» **What you need to do**
Output, verbatim and without pictures, the lines from the first line of the listing through the line containing "以美元计,2025年1-2月".

» **Dataset content**
——

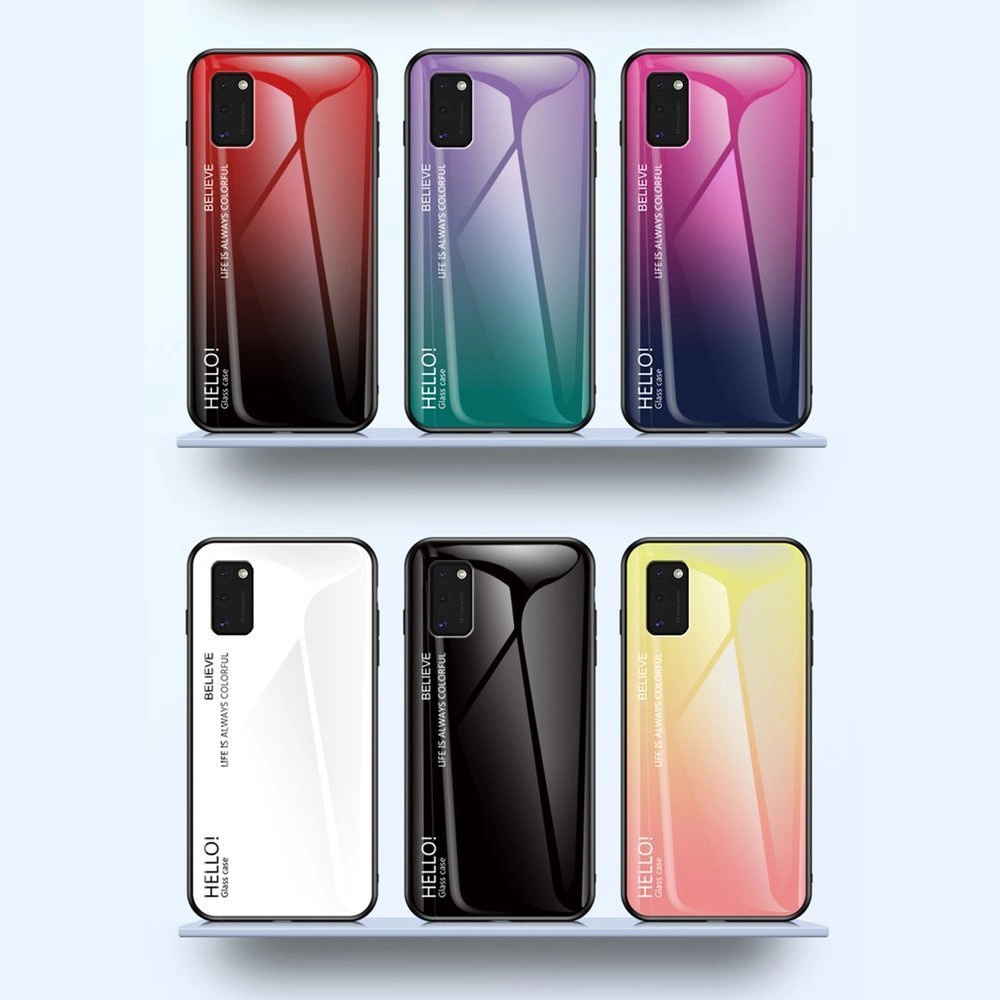 Gradient Glass tvirtas dėklas su grūdinto stiklo nugarėle Samsung Galaxy A41 – juodai raudonas
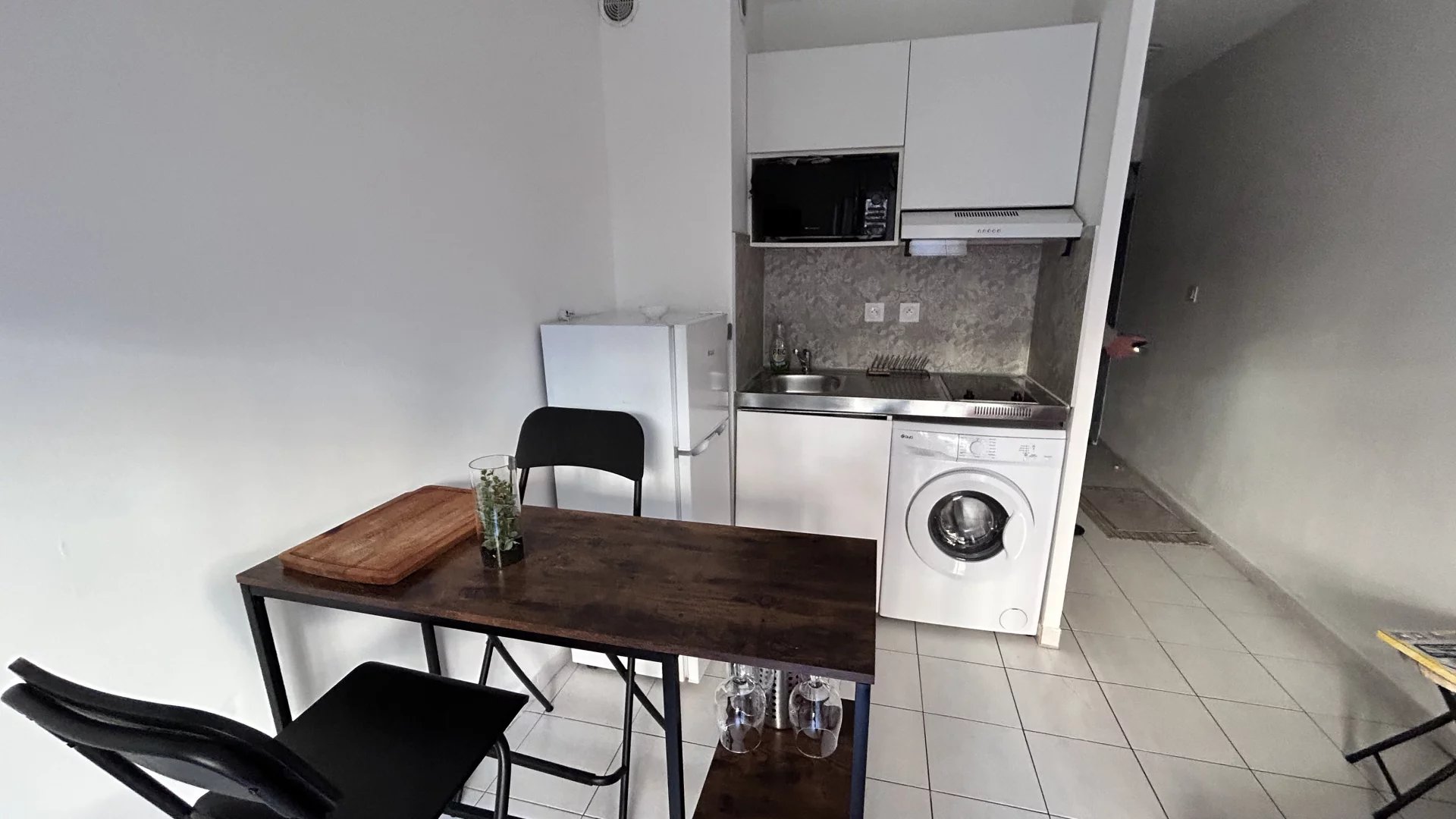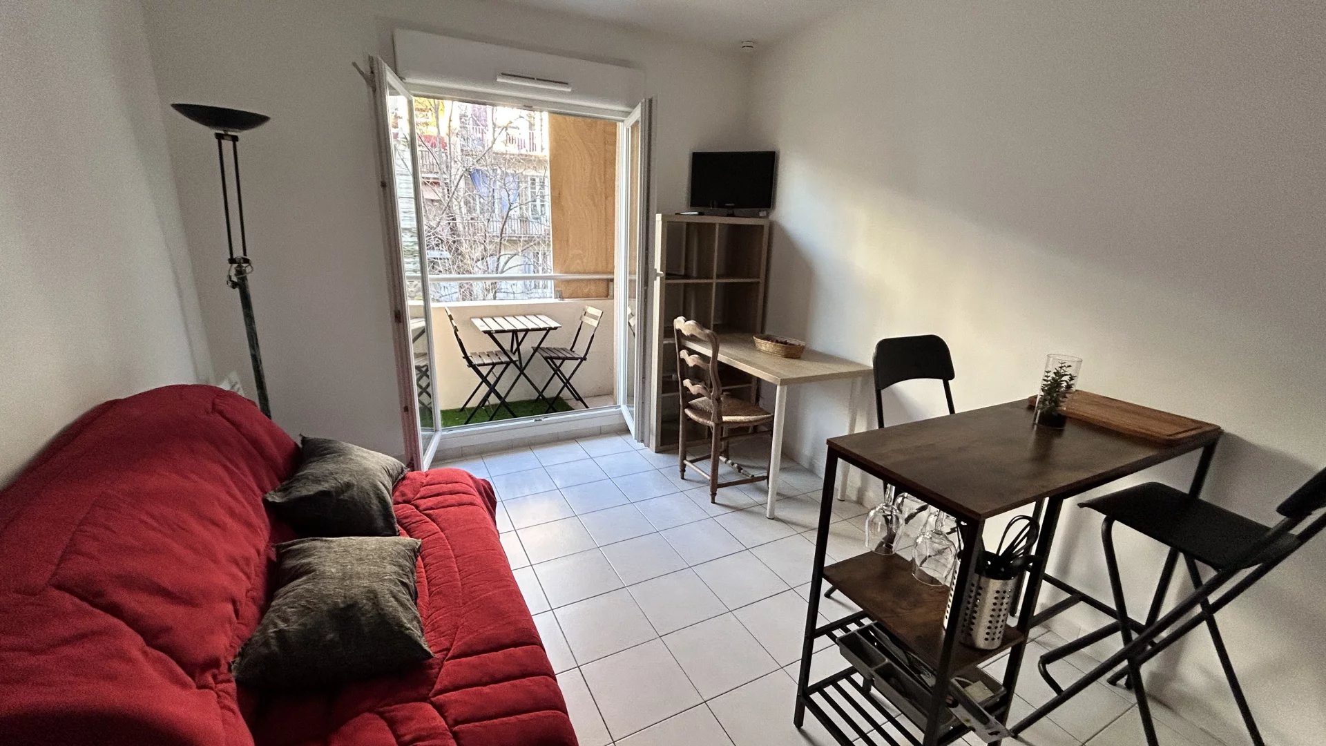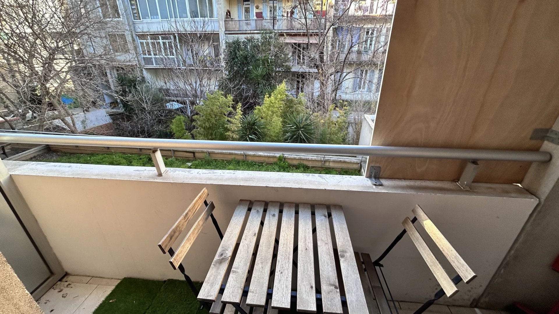 Marseille 5ème CHAVE/BLANCARDE: Situé au 2ème étage avec ascenseur, cet appartement de type 1 Meublé se développe de la manière suivante: Une entrée avec rangement, une salle d'eau avec wc, une cuisine Us équipée avec salon donnant sur balcon côté jardin. Belles prestations, double vitrage, literie neuve, ustensiles neuf, électroménager neuf, calme, bien isolé. A deux pas de toutes commodités
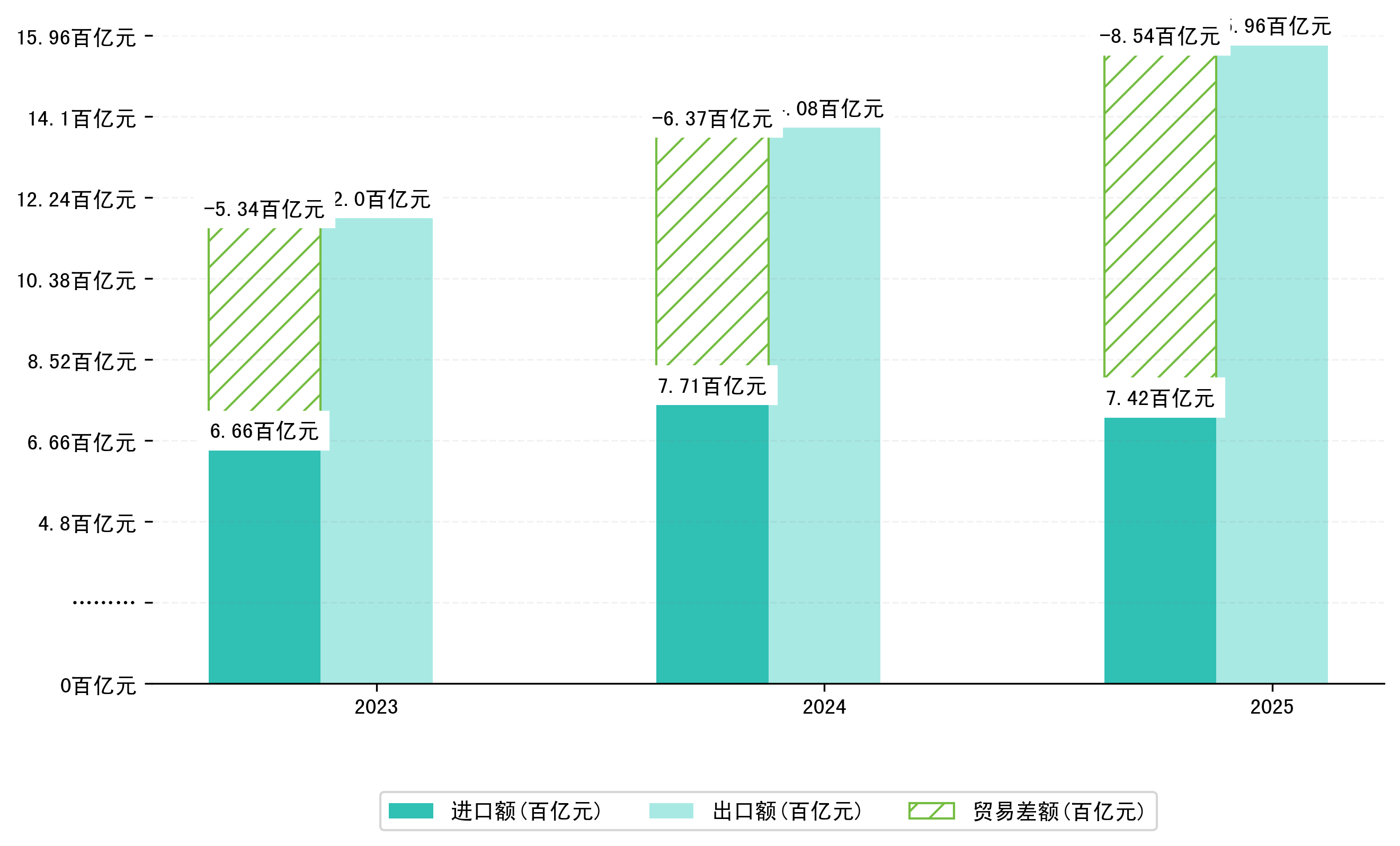 以美元计,2025年1-2月宁波市贸易差额为118,7689,0447万美元(贸易顺差),相比上年同期增加了29,2280,6482万美元,同比增加32.64%。
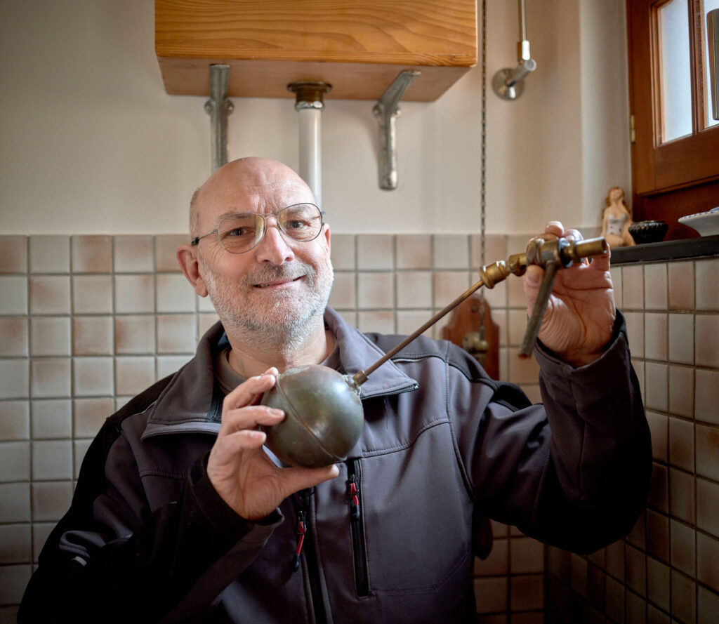 S obzirom na starost vodokotlića, servis zahtijeva odgovarajuću stručnost. Iskusni majstor, koji je svoj zanat za vodoinstalatera završio u Winterthuru prije više od 40 godina, temeljito je dekalcificirao i očistio unutrašnjost vodokotlića. „Za popravljanje ovakvog vodokotlića potrebno je znanje i vještina“, kaže, jer mehanizam radi drugačije od današnjih sustava za ispiranje.

——

» **Output for this task**
 Gradient Glass tvirtas dėklas su grūdinto stiklo nugarėle Samsung Galaxy A41 – juodai raudonas
 Marseille 5ème CHAVE/BLANCARDE: Situé au 2ème étage avec ascenseur, cet appartement de type 1 Meublé se développe de la manière suivante: Une entrée avec rangement, une salle d'eau avec wc, une cuisine Us équipée avec salon donnant sur balcon côté jardin. Belles prestations, double vitrage, literie neuve, ustensiles neuf, électroménager neuf, calme, bien isolé. A deux pas de toutes commodités
 以美元计,2025年1-2月宁波市贸易差额为118,7689,0447万美元(贸易顺差),相比上年同期增加了29,2280,6482万美元,同比增加32.64%。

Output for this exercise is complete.